→ DIRECTIONS:
For this exercise, reproduce each entry below exactly, excluding pictures.

Data excerpts
********************

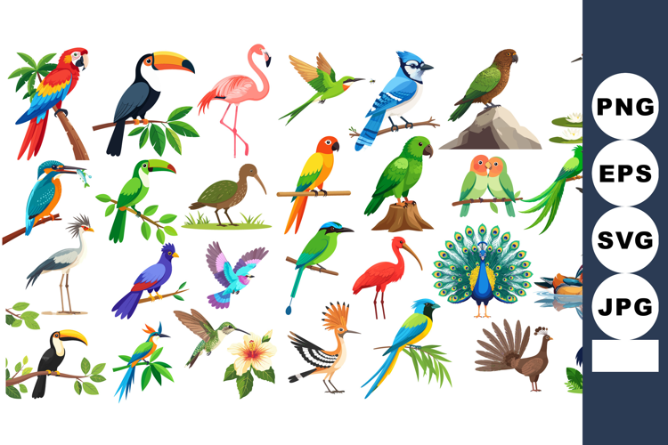 This vector illustration shows a diverse group of exotic and colorful birds perched, flying, and standing, creating an energetic, lively mood.
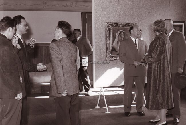 Opening tentoonstelling van "Het Salon van de Oostendse Kunstkring" in de Koninklijke Gaanderijen. Centraal in het wit mevrouw Adolf VAN GLABBEKE (mevrouw MULLIE). Naast haar links, schepen Frans VAN CAILLIE, en…
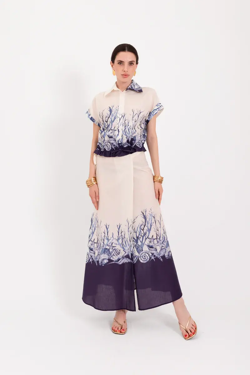 Blouse in burro met blauwe schelpenprint
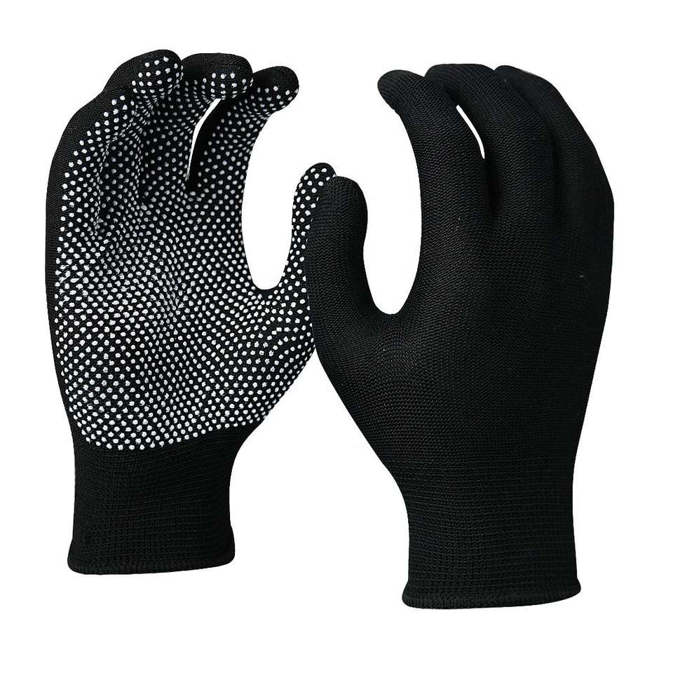 ถุงมือโพลีเอสเตอร์กันลื่นแบบมีจุด PVC ที่ฝ่ามือ ระบายอากาศได้ดี ไม่เป็นขุย ใช้ซ้ำได้ ถุงมือทำงาน ข้อมือแบบยืดหยุ่น ขนาดมาตรฐาน
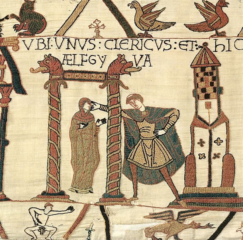 [15] Эльфгива и клирик. Гобелен из Байё. Ок. 1086

********************

→ RESULT OF THIS EXERCISE:
 This vector illustration shows a diverse group of exotic and colorful birds perched, flying, and standing, creating an energetic, lively mood.
 Opening tentoonstelling van "Het Salon van de Oostendse Kunstkring" in de Koninklijke Gaanderijen. Centraal in het wit mevrouw Adolf VAN GLABBEKE (mevrouw MULLIE). Naast haar links, schepen Frans VAN CAILLIE, en…
 Blouse in burro met blauwe schelpenprint
 ถุงมือโพลีเอสเตอร์กันลื่นแบบมีจุด PVC ที่ฝ่ามือ ระบายอากาศได้ดี ไม่เป็นขุย ใช้ซ้ำได้ ถุงมือทำงาน ข้อมือแบบยืดหยุ่น ขนาดมาตรฐาน
 [15] Эльфгива и клирик. Гобелен из Байё. Ок. 1086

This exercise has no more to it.